BOOK HISTORY is a scholarly journal devoted to every aspect of the history of the book, broadly defined as the creation, dissemination, reception, and use of script, print, and mediacy. The journal will publish research on the social, economic, and cultural history of authorship, editing, printing, publishing, media, the book arts, the book trade, periodicals, newspapers, ephemera, copyright, censorship, literary agents, libraries, literary criticism, canon formation, literacy, literary education, reading habits, and reader response. The journal is open to all disciplines and methodologies, and it will consider articles dealing with any literary culture and any historical period.

In December 1999, the Council of Editors of Learned Journals selected Book History as "Best New Journal" of the year, with the CELJ awards committee praising its "impressive range" and "sustained engagement with the subject," and predicting "real staying power on the academic landscape." In the years since, the journal has fulfilled this early promise and become a well-established and influential leader in its field.

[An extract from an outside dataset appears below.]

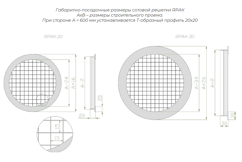 Решетки ЯРАК изготовлены из алюминиевого тавра 20 мм (ЯРАК-20) или 30 мм (ЯРАК-30) и ячеистой вставки с квадратными ячейками 15х15 мм. Особенностью данной модели перед решетками других видов является повышенный коэффициент живого сечения, за счет ячеек, сделанных из тонкого листа алюминия.

Book History is coedited by Ezra Greenspan (Southern Methodist University) and Jonathan Rose (Drew University). It is sponsored by the Society for the History of Authorship, Reading, and Publishing (SHARP) and published by Penn State University Press as a hardcover annual. Tables of contents can be browsed here:

Online access to the full text of the journal is available to subscribers to Project Muse and to all members of SHARP (create your login here).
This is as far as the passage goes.